HOW TO COMPLETE THIS TASK: Repeat, word for word and with nothing added, each line from the one containing "ZESICA Womens Summer" to the final line of the data, keeping both ends. Pictures are not part of the copy.

(RECORDS SHOWN Opens)

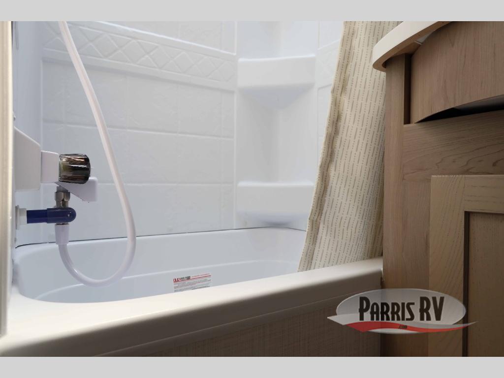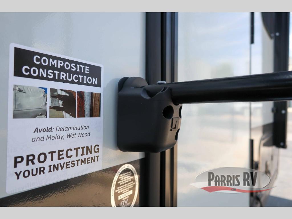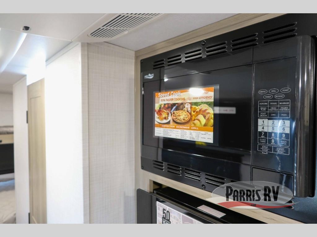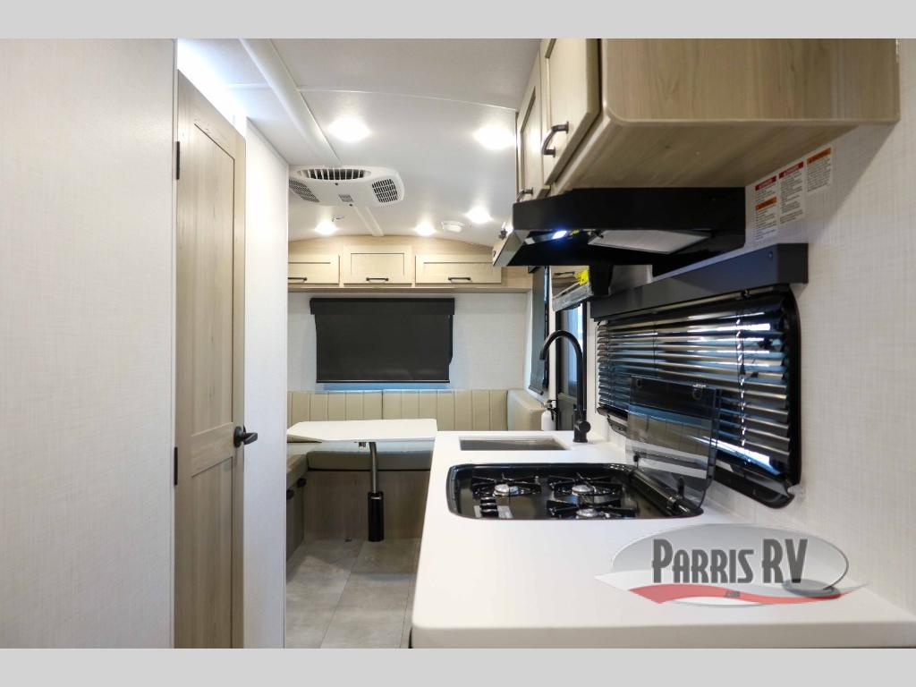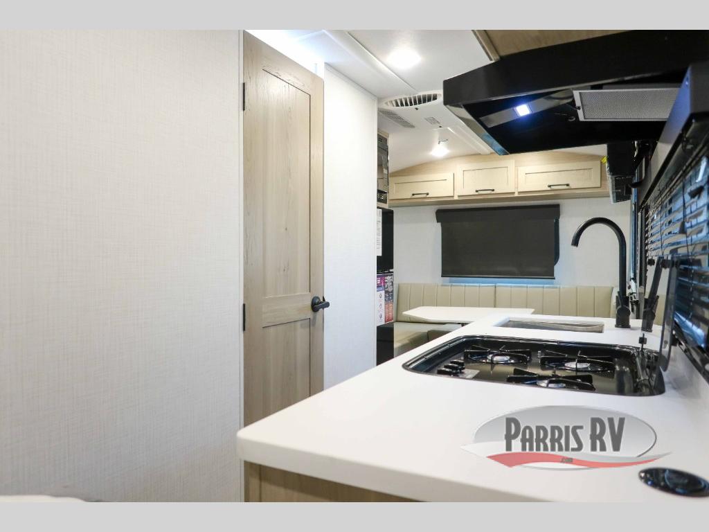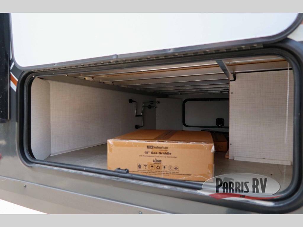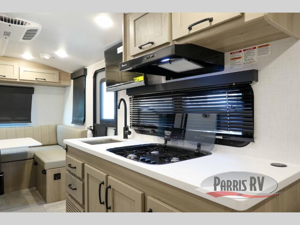 You'll love camping in this travel trailer that can sleep five each night. There is a front U-shaped dinette, a rear 54" x 74" full-size bed, plus a 26" x 80" flip-up bunk! A three burner cooktop and microwave oven let you create your best meals, and there is a 15' power awning and an exterior griddle if you want to cook outdoors. The full bath gives you privacy when freshening up after a day outdoors, and you'll find plenty of storage space in this unit, including in the overhead cabinets and the exterior pass-thru storage!
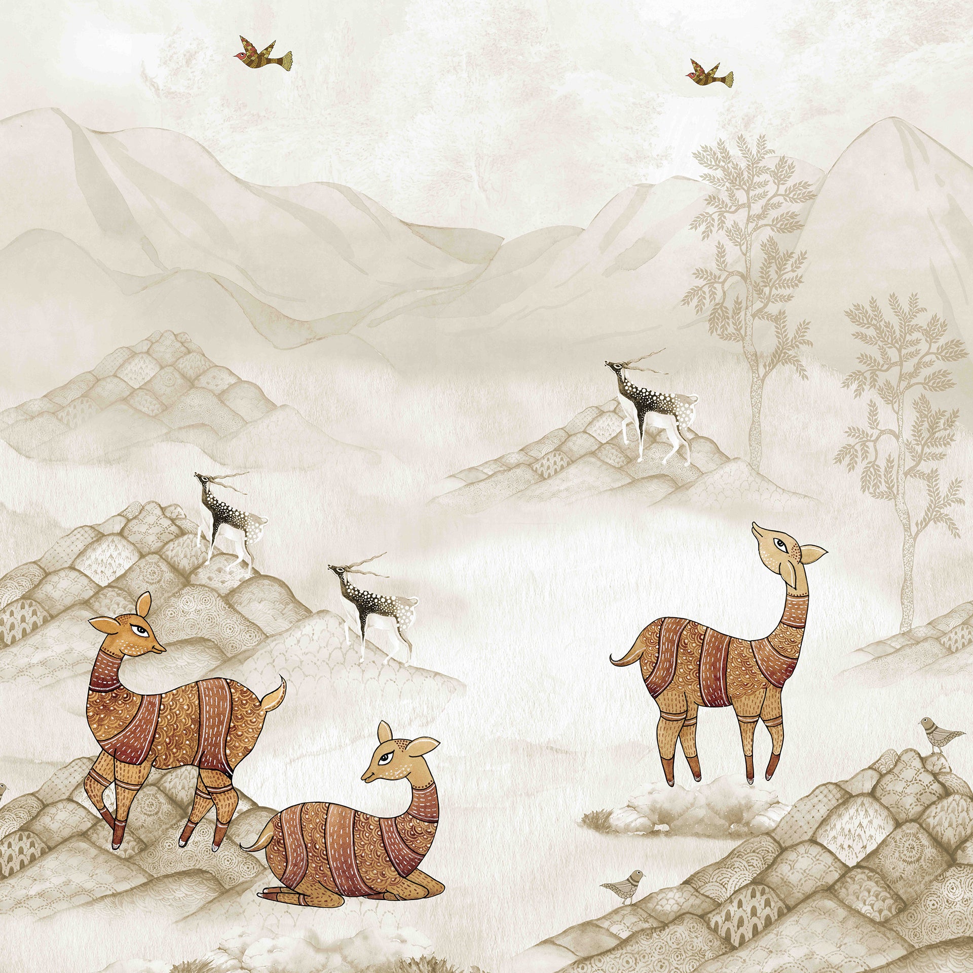 >Illustration of llamas in a serene mountainous landscape, emphasizing nature's beauty and animals' grace in a tranquil artistic composition. Birds enhance the peaceful atmosphere of this scenic natural setting.
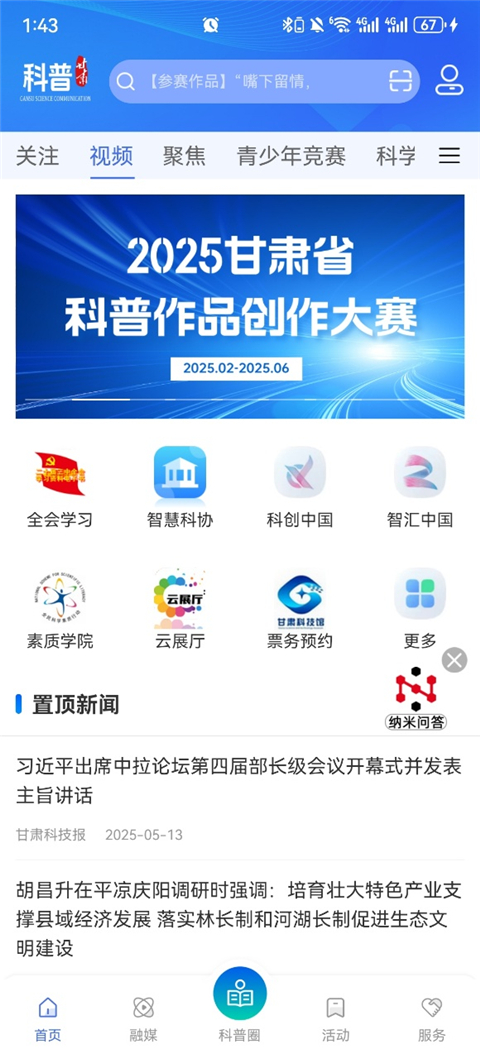 1、以“众创、严谨、共享”为宗旨:鼓励用户参与科普创作,共同分享和传播科学知识。 2、以“甘肃省科普资源库”和“科普中国”为基础:拥有数十万条涵盖“科学思想、科学家精神、前沿科技”等主题的优质科普资源。 3、丰富的交互方式:通过视频、文章、竞赛等多种形式,为用户提供智慧、便捷、活泼的科学技术传播平台。更新日志
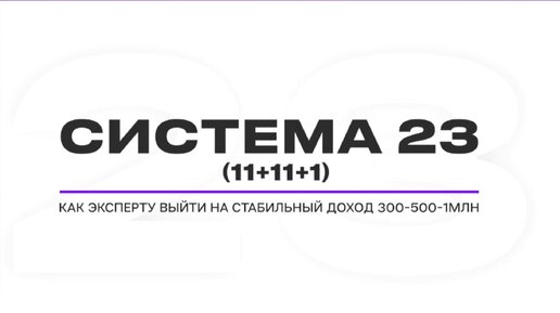 СИСТЕМА 23 - маршрутная карта к выходу на стабильные 300-500-1млн для экспертов и наставников любых ниш
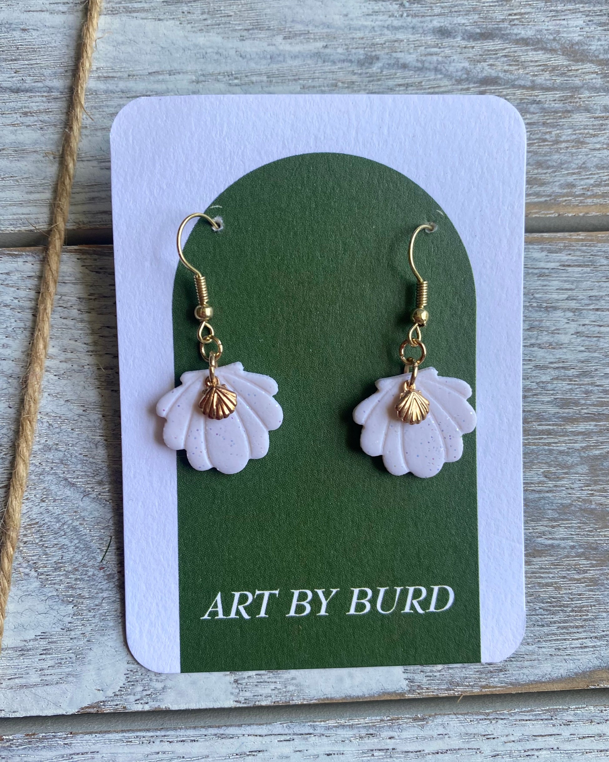 Add a touch of coastal charm with these handmade polymer clay scallop dangle earrings! One pair features a shimmering white scallop shell topped with a smaller metallic gold shell, while the other pair showcases a soft pink shell with a dainty faux pearl drop. Lightweight, beachy, and perfect for summer days or seaside getaways!
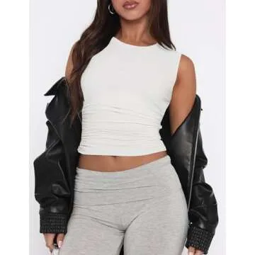 ZESICA Womens Summer Tank Tops 2025 Sleeveless Crewneck Knit Slim Fitted Side Ruched Casual Basic Shirt,White,Medium
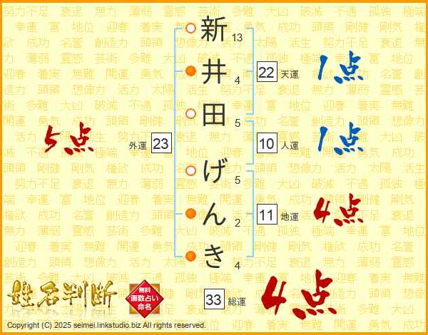 新(13画)井(4画)田(5画) げ(5画)ん(2画)き(4画)

(RECORDS SHOWN Closes)

RESULT FOR THIS TASK:
 ZESICA Womens Summer Tank Tops 2025 Sleeveless Crewneck Knit Slim Fitted Side Ruched Casual Basic Shirt,White,Medium
 新(13画)井(4画)田(5画) げ(5画)ん(2画)き(4画)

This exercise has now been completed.